“Patiently accept your falls and, having stood up, immediately run to God, not remaining in that place where you have fallen. Do not despair if you keep falling into your old sins. Many of them are strong because they have received the force of habit. Only with the passage of time and with fervor will they be conquered.” — St. Nectarios of Aegina
“Do not fall into despair because of stumblings. I do not mean that you should not feel contrition for them, but that you should not think them incurable. For it is more expedient to be bruised than dead. There is, indeed, a Healer for the man who has stumbled, even He Who on the Cross asked that mercy be shown to His crucifiers, He Who pardoned His murderers while He hung on the Cross. ‘All manner of sin,’ He said, ‘and blasphemy shall be forgiven unto men,’ that is, through repentance.
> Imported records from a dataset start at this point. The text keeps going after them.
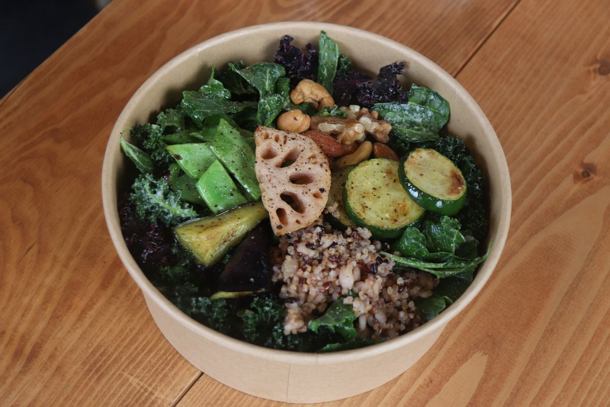 3種類のケールをベースに、モロッコいんげん、れんこん、ズッキーニ、なす、キヌア、ナッツと、具材がたっぷり詰まっています。中央にあるれんこんはカリッと揚げられており、ケールと一緒に食べるとさっぱりしておいしい!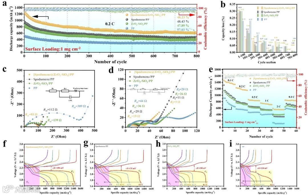 长春理工大学-在读博士生李琳为该项研究成果的第一作者。该设计理念和纳米材料制备技术对开发多功能锂硫电池改性隔膜材料具有重要作用,制备的[Spodumene@ZrO2-SiO2]/PP作为改性的隔膜组装成的锂硫电池在各项电化学测试中均表现出更优的性能,有较广阔的开发空间。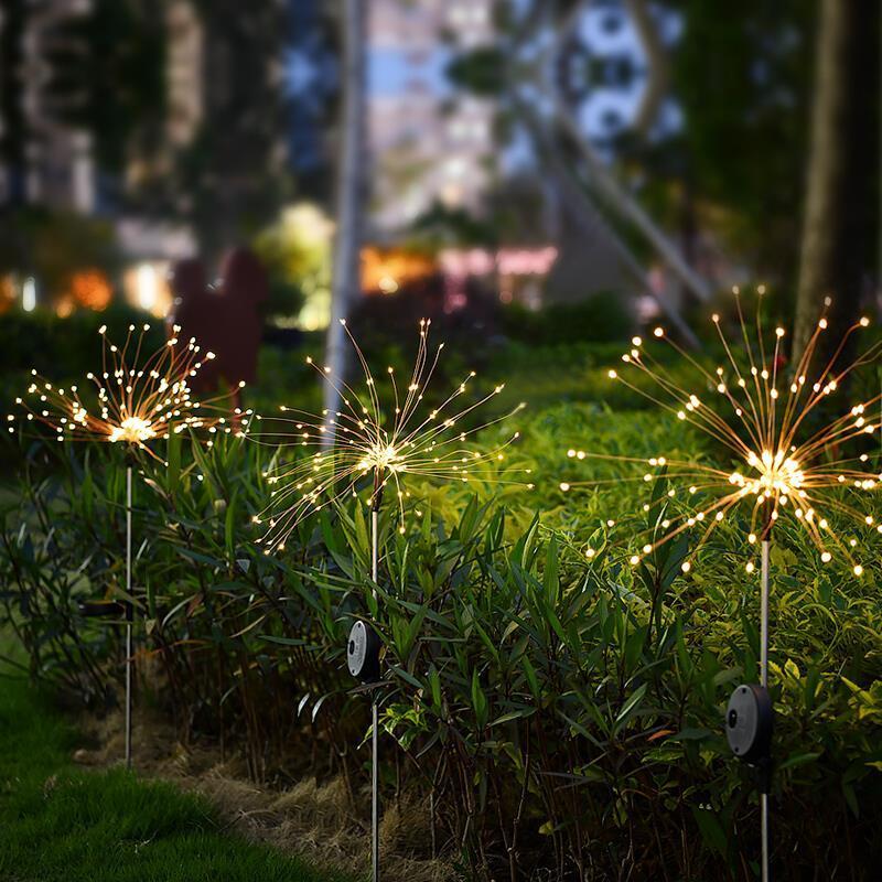 Solar Lamp Lawn Lamp Outdoor Courtyard Lamp Colorful Landscape Lamp Dandelion Villa Decorative Lamp Household Garden Fireworks Lamp 2 Sets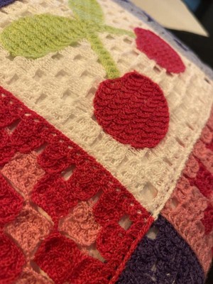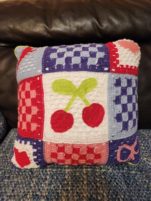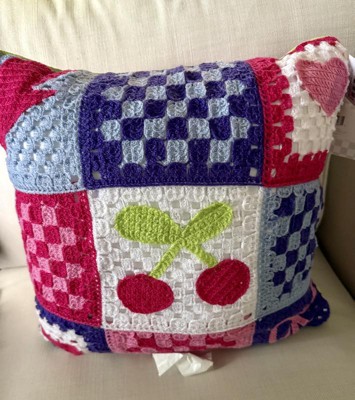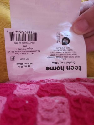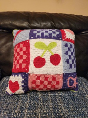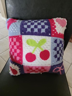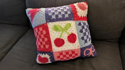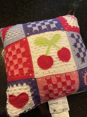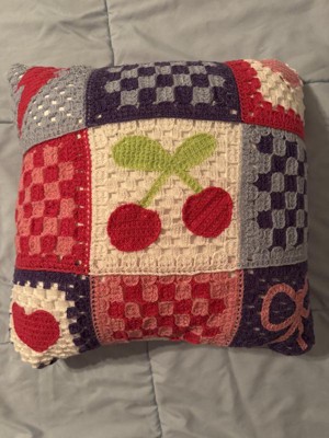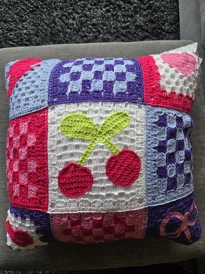 This pillow is so on trend. Y2K meets 2025 and I'm here for it. The colors are bright and it feels well made. The lightning bolt, cherries, hearts and bow really pop against the crochet. Overall, it's a fun pillow.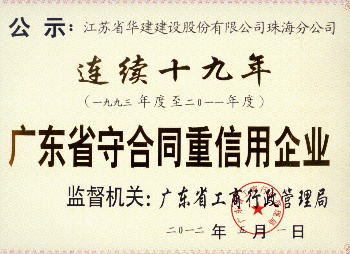 珠海公司連續19年榮獲“廣東省守合同重信用企業”榮譽稱號 時間:2012-06-28 6103 珠海公司連續19年榮獲“廣東省 守合同重信用企業”榮譽稱號 五月份珠海分公司被廣東省工商行政管理局授予“連續十九年廣東省守合同重信用企業”榮譽稱號。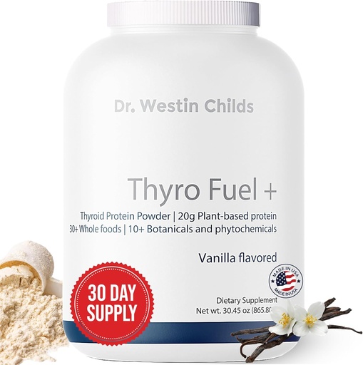 Dr. Westin Childs Thyro Fuel+ | Pea Protein Powder for Women | Thyroid, Digestion, & Muscle Support - Low Carb, Calorie, Non-GMO | Naturally Sweetened Vanilla, Gluten, Dairy & Soy Free - 30 Servings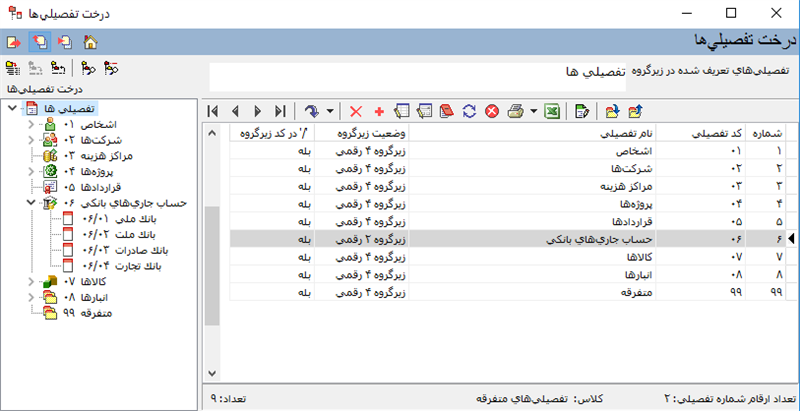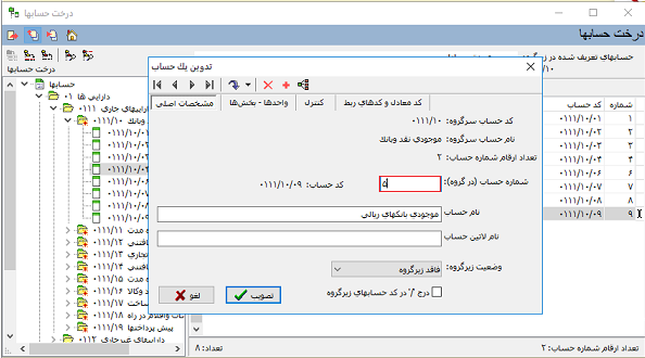 3- تعریف یک حساب جدید تعریف کرده و به تفصیلی های مزبور ارتباط میدهیم.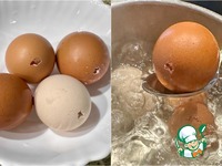А если острый нож соскочит с округлой поверхности яйца. Как-то не хочется впопыхах еще и пальцы проколоть Проще взять яйца комнатной температуры, а не из холодильника - и проблем с трещинами не будет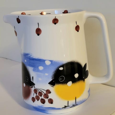Virheetön, ihana Helina Tilk 'Lehmä' kannu. Vetoisuus 4 dl, pituus 18 cm, korkeus 7,5 cm. Handpainted.

For a brief moment of mourning he pardoned Simon who had denied Him, and after His resurrection He commanded him to become the head of His flock. Three times He asked him, ‘Lovest thou Me?’ on account of his threefold denial of Him, so as to confirm his pardon. Christ came in behalf of sinners, to heal the broken of heart and to bandage their wounds.” — St. Isaac of Syria, Homily 64
You know, there is a kind of confession that is genuinely contrite over sins — not because we feel pain over our disloyalty and lack of love for Christ our God, but because we are frustrated and know we could have avoided these acts or words. We are really confessing, “This was unacceptable, because I know I am better than this!” Our confession is coming from our wounded ego. It’s an exercise in pride.
And God may be choosing at this time not to deliver us from our besetting sins precisely because this painful, repeated experience has not yet humbled us enough so we will stop believing we are not that bad.